Bunun için henüz kesin bir açıklama yok ama önde gelen teori, melaninin ekstra UV koruması sağlayarak, yüksekte beslenirken hassas dillerinin güneş yanığı olmasını önlediği yönünde.
Epigenetik etkiler Lamarckizm’in kanıtı değil midir?
Zürafaların boyunları evrimsel bir bilmecedir, peki evrimle ne alakası var?

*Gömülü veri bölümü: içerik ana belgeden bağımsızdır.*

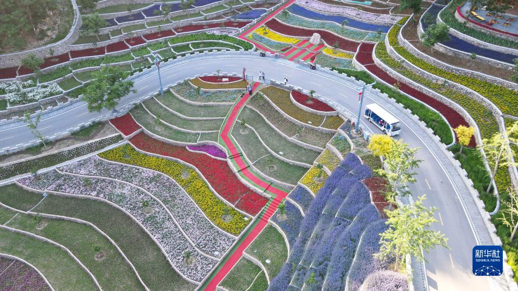 這是梨樹(shù)溝休閑小鎮的花海梯田(6月2日攝,無(wú)人機照片)。

Aslında değil. Epigenetik, genlerin diyet, egzersiz ve kimyasal maruziyet gibi dış etkenlere yanıt olarak aktivitelerini değiştirmesidir. DNA’daki harf dizisi değişmez, ancak DNA molekülü yavrularınıza aktarılabilecek diğer kimyasal değişiklikleri edinir. Bu kalıtsal özellikler iki veya üç nesil boyunca sürer.
Lamarckizm, zürafanın uzun boynuna, ebeveynlerin yaşamları boyunca kendi boyunlarını hafifçe uzatmaları ve bu artışı çocuklarına aktarmaları vb. nedeniyle sahip olduğunu söyler. Bu, her neslin belirli miktarda doğal varyasyona sahip olduğu ve daha uzun boyunlu zürafaların daha fazla yavruya sahip olduğu Darwinci görüşten oldukça farklıdır.
Epigenetik, evrim üzerinde önemli bir etkiye sahiptir, ancak uzun vadeli tür değişimini yönlendirmez.